Medical scientists have known that there is a connection between heart disease and erectile dysfunction for decades. Some scientists believe that the blood vessels in the corpora cavernosa, a "cavern" of blood vessels that fill with blood to enable erection, can become clogged with cholesterol before cholesterol clogs the arteries that emerge from the heart. To help explain whether heart disease and impotence have common causes, Dr. Jia-Yi Dong of Soochow University in China and colleagues examined the results of 12 studies of impotence and heart disease involving 36, 744 men.

Some of the medications that can interfere with erectile strength include:

  • ACE-inhibitors (blood pressure medications with names ending in -il, such as lisinopril and ramipril), because they interfere with the action of one of the factors that is involved in penil contraction.
  • Antihistamines, especially the older-style antihistamines that can also make you sleepy.
  • Antidepressants, especially Prozac, Paxil, Zoloft, Luvox, and Effexor.
  • Beta-blockers for high blood pressure, uncontrolled sweating, or fine muscle tremors.
  • Cancer treatments, especially hormones for prostate cancer.
  • Nitrates for heart disease (as well as poppers for enhancing receptive sexual intercourse) can make the blood vessels in the penis so relaxed that erection cannot occur.
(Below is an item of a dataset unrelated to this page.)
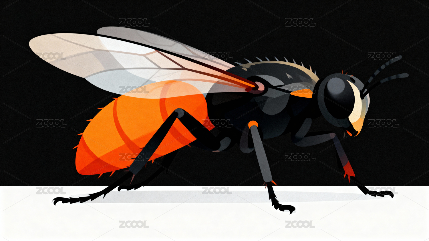 橙黑蜂类昆虫特写插画
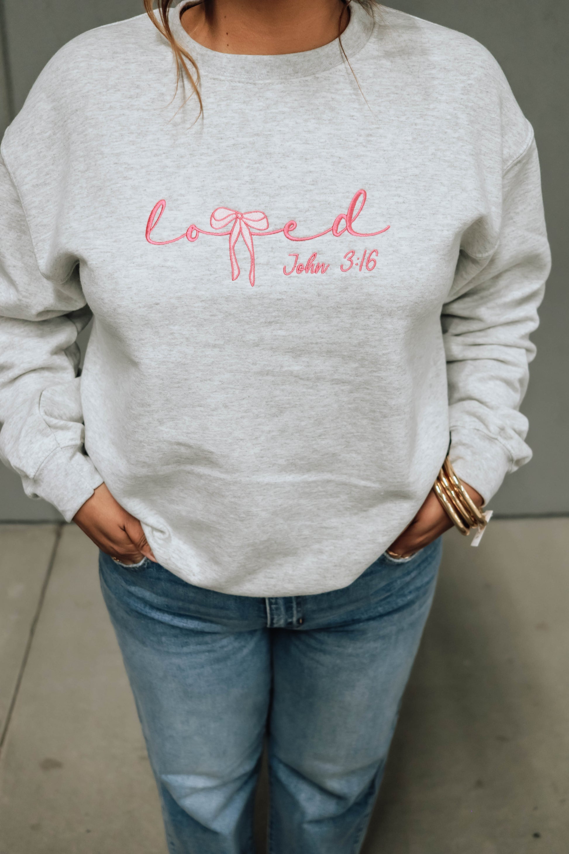 This beautiful sweatshirt combines comfort with meaningful style, featuring an embroidered LOVED JOHN 3:16 design that makes a powerful statement. It's the perfect layering piece for any season. Versatile enough to dress up or down, this sweatshirt delivers warmth without compromising on style. A wardrobe essential that speaks to your values while keeping you cozy.

And it is only commonsensical to realize that there are various life issues that can occur with both impotence and heart disease.

Stress reduces erectile strength. Taking drugs to prevent early death from a heart attack is a major source of stress.

Children of any age can interfere with erectile function, especially if they wander into the bedroom at the wrong time.

Alcohol can reduce erectile strength—and too much alcohol can discourage your sexual partner from having relations with you.

Not getting enough sleep reduces erectile strength. Especially when the cause of sleep deprivation is the condition of intermittent nighttime breathlessness known as sleep apnea, not getting enough sleep can be associated with both high blood pressure and inability to have or to maintain an erection. The relationship between apnea and erectile dysfunction is so well known that most doctors treating middle-aged and older men for erectile dysfunction will recommend overnight screening for sleep apnea, provided insurance pays for it.

Marijuana has paradoxical effects on impotence. Right after taking a puff of marijuana, one of the chemicals in the weed reduces erectile strength, but a few hours later, another of the chemicals in marijuana increases it. (This is not a recommendation for you to use marijuana as a treatment for ED. There are other considerations beyond just marijuana's effect on sexual prowess.)

Poor body image can reduce erectile strength—especially if every time you go to the doctor you are told that you are fat.

Low testosterone levels can reduce erectile strength, although the best ways to increase them are by losing weight, especially fat on the buttocks (which makes estrogen), or by taking safe supplements that conserve the body's testosterone, such as chrysin.

While there seems to be a greater risk of cardiovascular disease in men who have problems with impotence, the simple fact is, cardiovascular disease is something men are likely to get anyway. The fact that they are impotent only raises overall risk a few percent. Rather than fretting about the possibility that you are even more likely than you thought your were to have a heart attack or stroke, why not find solutions for both problems, so you can enjoy your life while living longer?

  • Jia-Yi Dong, Yong-Hong Zhang, and Li-Qiang Qin. Erectile Dysfunction and Risk of Cardiovascular Disease: Meta-Analysis of Prospective Cohort Studies. J. Am. Coll. Cardiol., September 20, 2011, 58: 1378 - 1385.